I very much agree that kubernetes is useful in an environment that doesn’t need to scale, but do tell how it enables consolidated logging and monitoring, since my medium/small shop is spending quite some time setting up our own infrastructure for it.
Installing a managed log ingestor is stupidly easy in Kubernetes. For example, on GCP here's the guide to getting it done [1]. Two kubectl commands, and you get centralized logging across hundreds of nodes in your cluster and thousands of containers within them. Most other platforms (like Datadog) have similar setups.
Infrastructure level monitoring is also very easy. For example, if you're on Datadog, you flip KUBERNETES=true as an environment variable in the datadog agent, and you'll instantly get events for stopped containers, with stopped reason (OOM, evictions, etc), which you can configure granular alerting on.
Let's say you're in a service-oriented environment and you want detailed network-level metrics between services (request latency, status codes, etc). No problem, two commands and you have Istio [2]. Istio has Jaeger built-in for distributed tracing, with an in-cluster dashboard, or you can export the OpenTracing spans to any service that supports OpenTracing. You can also export these metrics to Datadog or most other metrics services you use.
I will admit that these things are slightly easier Kubernetes, my original point was mostly just to say that Kubernetes itself doesn't really provide any of these things in meaningful ways - you just described a bunch of separate, nontrivial systems, that solve many but not all logging/monitoring needs.
I run a Filebeat container with privileges to read stdout/stderr of all other pods, which then forwards to ElasticSearch. (https://www.elastic.co/guide/en/beats/filebeat/master/runnin...). It's fairly straight forward, then Kibana + Watcher can ship alters to PagerDuty based on log patterns / queries / limits, etc. I think Watcher is open-source/free now?

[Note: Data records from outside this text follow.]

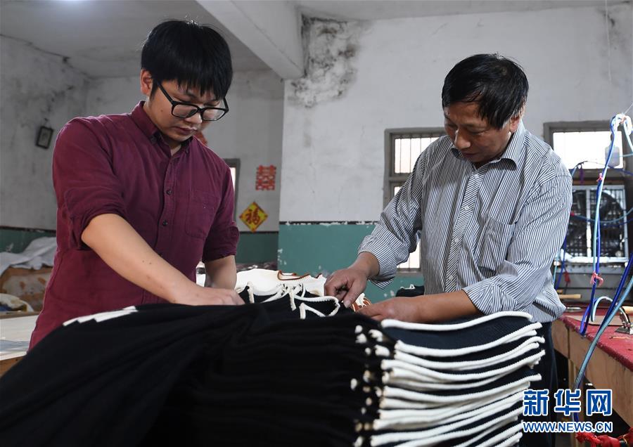 在蘇州市吳江區(qū)七都鎮(zhèn)開弦弓村,“90后”村民姚凌超(左)和父親姚玉坤在自家針織衫加工作坊里整理產(chǎn)品(10月23日攝)。近年來(lái),開弦弓村形成了化纖紡織、針織衫編織和水產(chǎn)養(yǎng)殖三大產(chǎn)業(yè),2017年村集體收入268萬(wàn)元,農(nóng)民人均可支配收入3萬(wàn)多元。 新華社記者 季春鵬 攝
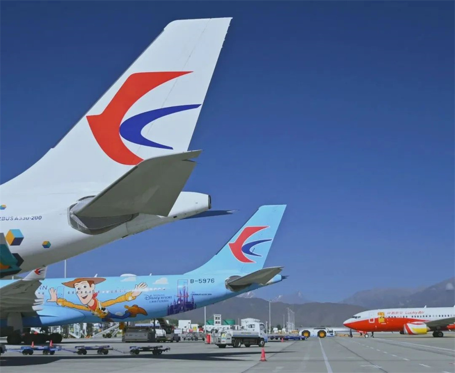圖為拉薩貢嘎國際機場機坪保障現(xiàn)場
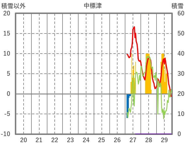 | 日 | 時 | 気温 | 降水 | 風向/風速 | 日照 | 積雪 | 降雪 |
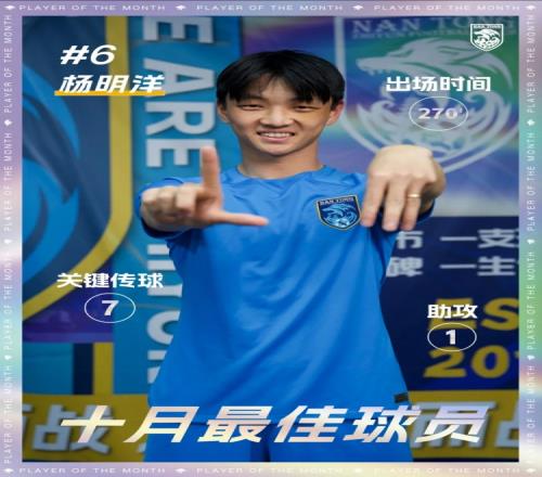 月度最佳票选结果出炉!最终杨明洋凭借稳定的发挥,赢得了更多球迷的支持与投票,最终成功当选南通支云十月最佳球员!一起来重温他的精彩表现吧

I also have Prometheus + grafana, which similarly collects lots of stats from around the cluster, but I'm fairly sure I'm the only person who uses that dashboard, since the only things hooked up to Prometheus are databases and such, no internal applications (yet!).
Being able to aggregate stdout/stderr across dozens of machines previously would have cost either a lot of Chef setup time or a contract with some provider. Now I get a fairly straight forward open-source stack that can be refined over time, and the yaml re-used very easily in any cluster. Plus, the metadata collected from Kubernetes about each log line is extremely useful (For example, out of the box you can query by Kubernetes labels for your graphs etc)
We are. I guess I wouldn’t consider that enough for our purposes. Actually retaining and alerting on logs, or alerting on anything for that matter is not out of the box unless I’m missing something.
The typical approach is to setup Fluentd for logging. You set it up as a daemonset, and have it mount /var/docker from the host. That gives it access to all container logs, which you then stream to your desired store.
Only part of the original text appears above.